洪は注文を済ますと嬉しそうに言っていた。

「何回か来たことあるのですか」

藤木は、昨晩コンビニで充電したスマホのアプリを起動させていた。

「ある。とにかく食べて見てくれ」

 数分後、麺がどっさりと入っている、どんぶりがテーブルの上に置かれた。洪に言われるままに食べる藤木達。

「これは、初めての食感だ」

田中が思わず口走った。

「何でできいるんですか」

藤木は、スマホの感度を良くするためテーブルの上に置いた。

「ジャガイモで作った麺だよ。こんなもの日本にはないだろう」

「確かに」

藤木は、あっという間に完食した。


 再びバイクに引かれたリヤカーの旅が始まった。途中、道路の舗装工事をしている箇所に出くわした。う回路に行くように指示する係員がいるが、具体的なことは言わずに、ただあっちに行けと言う感じであった。
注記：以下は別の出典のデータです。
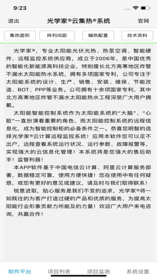 太阳能智能控制系统作为太阳能系统的“大脑”、“心脏”一直扮演着重要的角色,而太阳能控制系统的远程信息化,成为智能控制柜的必备条件之一。恭喜您明智的选择光学家®云计算远程监控系统!应用本软件您可以足不出户,远程查看系统运行状况、运行参数、故障报警等,实现强大的云信息化管理!本系统将是您强大的售后助手!监管利器!
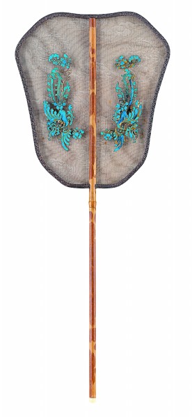 湘妃竹柄,夾祥云團(tuán)鶴紋羅及草編面,鑲玉、點(diǎn)翠鳳凰八邊形扇 蔡念群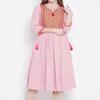 message rohinee about this ad Product Code: 10297751 Blue printed A-line kurta, has a round neck, three-quarter sleeves, and flared hem, tie-up detailing on the waist This fusion Kurta can also be styled as a Dress The model (height 5'8 is wearing a size S This swanky kurta from Anouk will take your personal style to new heights. For your next dinner party or family gathering, this blue piece pairs well with dark leggings and chic flats. 100% viscose Machine-wash httpsmyntr.it/QwS1UoJ |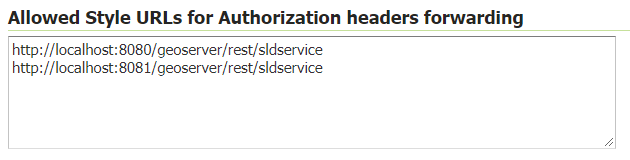 A GetMap request may specify the style by referring a remote URL in the SLD parameter. There might be the case that the remote URL require same authorization headers as the current GetMap request. If that's the case a list of allowed style URLs can be specified using newline as separators (URLs might be long). Authorization headers will be only forwarded to a remote URL when it starts with one of the specified URLs.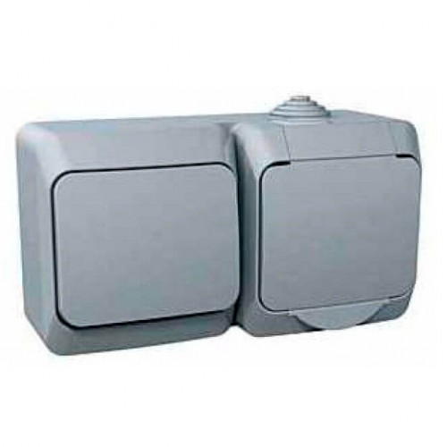 Комбинированный наружный блок розетка + выключатель 16A IP44 Cedar Plus. Цвет Серый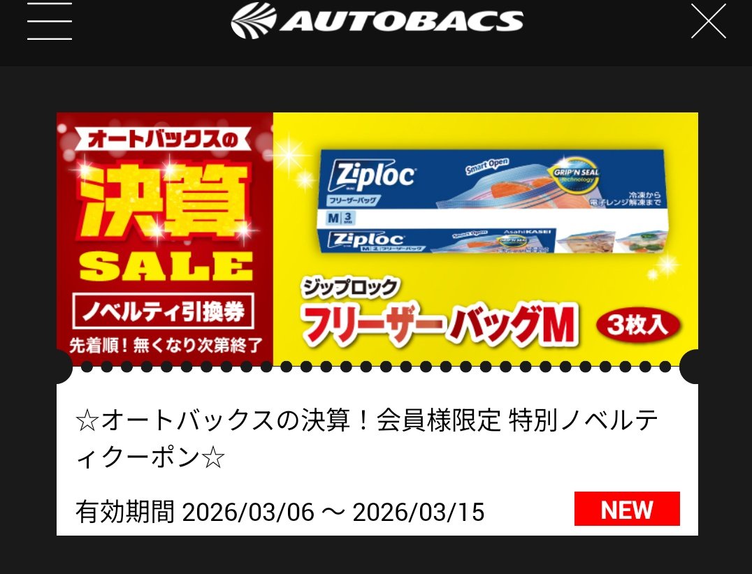 オートバックスアプリに来店でフリーザーバッグもらえるクーポンきていました。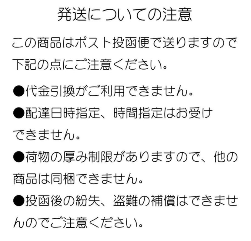 ポスト投函便全国送料無料でお届けします。荷物の厚みを3cmまでに納める為、少し大きめの袋に入れ厚みを抑えます。

 洪は少しう回路方向にバイクを進めた。洪はバイクを走らせたまま、後ろを振り向いて言って何か中国で言っていた。藤木は、慌てて翻訳アプリを起動させた。

「洪さん、もう一度言ってくれますか」

「藤木さん、地図が青い収納ケースの中にあるから、取り出してくれ」

洪はまた後ろを振り向いて言う。

 藤木は地図を手にして手渡そうとしたがリヤカーとバイクがちょっと離れているため渡せなかった。藤木が地図の裏表紙をふと見ると2002年発行とあった。

「古すぎないか」

田中が覗き込んでいた。

「一度停車して考えましょう」

藤木が言うと急ブレーキをかけて止まった。

「あのじいさんの運転、大丈夫かな」

田中がまたぼやく。

「このバイクにはカーナビがないから地図が頼りだ。見せてくれ」

洪は、藤木から古そうな地図を手渡されると広げた。

「カーナビならスマホにもありますから」

藤木は中国のカーナビサイトにアクセスしたが、当該地域は更新中と表示され、何も映らなかった。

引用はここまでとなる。